(MATERIAL PROVIDED Opens)

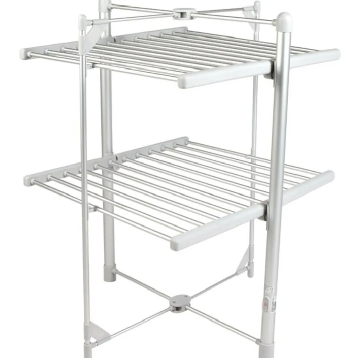 Sechoir tour électrique de dim. 73×74,5×100 cm, puissance 200 W, aluminium et PVC, fonctionne sur secteur..
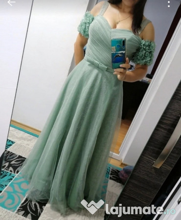Rochie purtată doar 2 ore, culoare deosebită, foarte comodă. Mărimea 38, potrivită pentru persoanele cu bust mai mare.
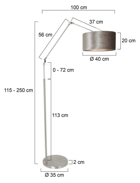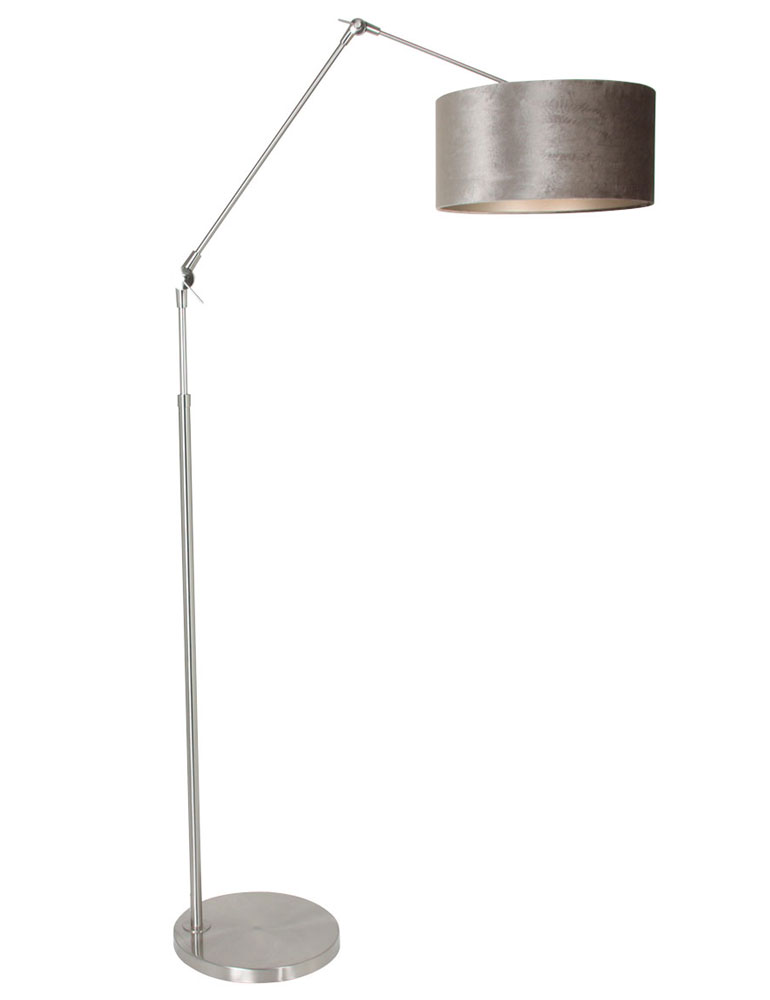 Lampadaire orientable long bras Steinhauer Prestige Chic abat-jour velours argenté
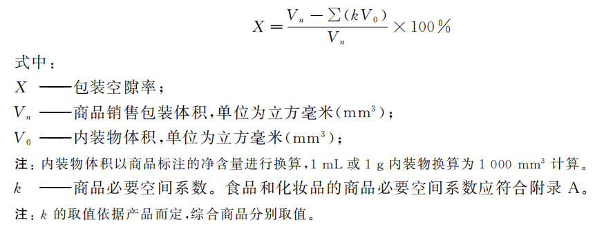 销售包装体积(Vn)、内装物体积(V0)、商品必要空间系数(k)确定后,即可计算出包装空隙率(X)。
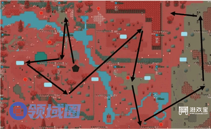 2、如图,从进入禁地开始,往上走开始进行刷图,只刷蓝色,如果能7分50秒完成蓝色怪全部清空,那么在最后一个传送门位置等待至倒计时2分钟,等待最后一个传送门刷新后开始跑图获取传送门信息。
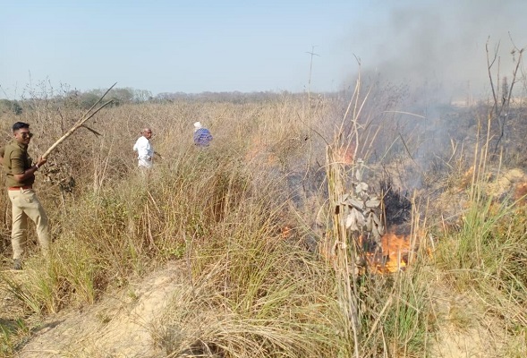 जिसके आने से पहले ही आग बहुत तेज बढ़ चली थी। यह देखते हुऐ खंडासा चौकी के सिपाहियों ने अनुज कुमार, राहुल जयसवाल, दिनेश यादव ने लाठी व जंगल से बंछी तोड़ तोड़ कर आग पर काबू पाकर जंगल को जलने से रोका गया।तब तक फायर सर्विस भी मौक़े पर पहुंची।चौकी इंचार्ज खंडासा अभिषेक त्रिपाठी भी घटना स्थल पर पहुंचे। होने वाली गंभीर नुकसान को खंडासा चौकी टीम ने अपनी मेहनत से बचा लिया ग्राम प्रधान कार्यकर्ता व ग्रामीण भी मौजूद रहे।
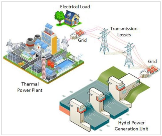 The teaching-learning-based optimization (TBLO) algorithm was used by Roy [15]. The algorithm was tested on three test cases: without prohibited discharge zones, with prohibited discharge zones, and with prohibited discharge zones and valve point loading effect. The cuckoo search algorithm (CSA) was employed by Dubey et al. [16] and tested for the aforementioned three test cases. An improved version of CSA was applied by Nguyen et al. [17]. The clustered adaptive teaching-learning-based optimization (CATLBO) algorithm was utilized by Salkuti [18] to solve STHTS. Haroon et al. [19] applied the evaporation rate-based water cycle algorithm (ERWCA) to hydrothermal coordination problems and compared the results with other techniques. Ghosh et al. [20] applied the hybrid bat algorithm (BA) with an artificial bee colony (ABC) to solve the STHTS problem. This hybridization comprises agents’ exchange policy between the two algorithms. The worst agents of bat algorithms are replaced by better agents of ABC and, on the other hand, the poor agents of ABC are replaced by good agents of BA. Yan et al. [21] used the improved proximal bundle method (IPBM) within the framework of Lagrangian relaxation for STHTS, which incorporates the expert system (ES) technique into the proximal bundle method (PBM). Alshammari et al. [22] utilized the non-dominated sorting particle swarm optimization technique to solve the economic dispatch problem with wind power integration. An improved teaching-learning-based optimization (ITBLO) was used by Thiagarajan et al. [23] to solve short-term scheduling problems. Balachander et al. [24] solved the STHTS problem with three thermal generators using particle swarm optimization and the improved bacterial foraging (PSO-IBF) algorithm. The hydro spillage model was proposed by Sakthivel et al. to solve the problem at hand by the quasi-oppositional turbulent water-flow-based optimization (QOTWFO) algorithm [25].
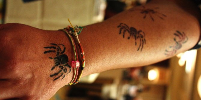 Επίσης, ένα καλό μέρος για να εφαρμόσετε το τατουάζ είναι η κλείδα, το αντιβράχιο, τα δάχτυλα, τα πόδια, και τα κορίτσια θέλουν επίσης να εφαρμόσουν μια φωτεινή εικόνα στο πρόσωπό του.

(MATERIAL PROVIDED Closes)

*EXERCISE INSTRUCTIONS*. Retype the records above line for line and exactly, omitting their pictures.

*RESPONSE*.
 Sechoir tour électrique de dim. 73×74,5×100 cm, puissance 200 W, aluminium et PVC, fonctionne sur secteur..
Rochie purtată doar 2 ore, culoare deosebită, foarte comodă. Mărimea 38, potrivită pentru persoanele cu bust mai mare.
 Lampadaire orientable long bras Steinhauer Prestige Chic abat-jour velours argenté
 销售包装体积(Vn)、内装物体积(V0)、商品必要空间系数(k)确定后,即可计算出包装空隙率(X)。
 2、如图,从进入禁地开始,往上走开始进行刷图,只刷蓝色,如果能7分50秒完成蓝色怪全部清空,那么在最后一个传送门位置等待至倒计时2分钟,等待最后一个传送门刷新后开始跑图获取传送门信息。
 जिसके आने से पहले ही आग बहुत तेज बढ़ चली थी। यह देखते हुऐ खंडासा चौकी के सिपाहियों ने अनुज कुमार, राहुल जयसवाल, दिनेश यादव ने लाठी व जंगल से बंछी तोड़ तोड़ कर आग पर काबू पाकर जंगल को जलने से रोका गया।तब तक फायर सर्विस भी मौक़े पर पहुंची।चौकी इंचार्ज खंडासा अभिषेक त्रिपाठी भी घटना स्थल पर पहुंचे। होने वाली गंभीर नुकसान को खंडासा चौकी टीम ने अपनी मेहनत से बचा लिया ग्राम प्रधान कार्यकर्ता व ग्रामीण भी मौजूद रहे।
 The teaching-learning-based optimization (TBLO) algorithm was used by Roy [15]. The algorithm was tested on three test cases: without prohibited discharge zones, with prohibited discharge zones, and with prohibited discharge zones and valve point loading effect. The cuckoo search algorithm (CSA) was employed by Dubey et al. [16] and tested for the aforementioned three test cases. An improved version of CSA was applied by Nguyen et al. [17]. The clustered adaptive teaching-learning-based optimization (CATLBO) algorithm was utilized by Salkuti [18] to solve STHTS. Haroon et al. [19] applied the evaporation rate-based water cycle algorithm (ERWCA) to hydrothermal coordination problems and compared the results with other techniques. Ghosh et al. [20] applied the hybrid bat algorithm (BA) with an artificial bee colony (ABC) to solve the STHTS problem. This hybridization comprises agents’ exchange policy between the two algorithms. The worst agents of bat algorithms are replaced by better agents of ABC and, on the other hand, the poor agents of ABC are replaced by good agents of BA. Yan et al. [21] used the improved proximal bundle method (IPBM) within the framework of Lagrangian relaxation for STHTS, which incorporates the expert system (ES) technique into the proximal bundle method (PBM). Alshammari et al. [22] utilized the non-dominated sorting particle swarm optimization technique to solve the economic dispatch problem with wind power integration. An improved teaching-learning-based optimization (ITBLO) was used by Thiagarajan et al. [23] to solve short-term scheduling problems. Balachander et al. [24] solved the STHTS problem with three thermal generators using particle swarm optimization and the improved bacterial foraging (PSO-IBF) algorithm. The hydro spillage model was proposed by Sakthivel et al. to solve the problem at hand by the quasi-oppositional turbulent water-flow-based optimization (QOTWFO) algorithm [25].
 Επίσης, ένα καλό μέρος για να εφαρμόσετε το τατουάζ είναι η κλείδα, το αντιβράχιο, τα δάχτυλα, τα πόδια, και τα κορίτσια θέλουν επίσης να εφαρμόσουν μια φωτεινή εικόνα στο πρόσωπό του.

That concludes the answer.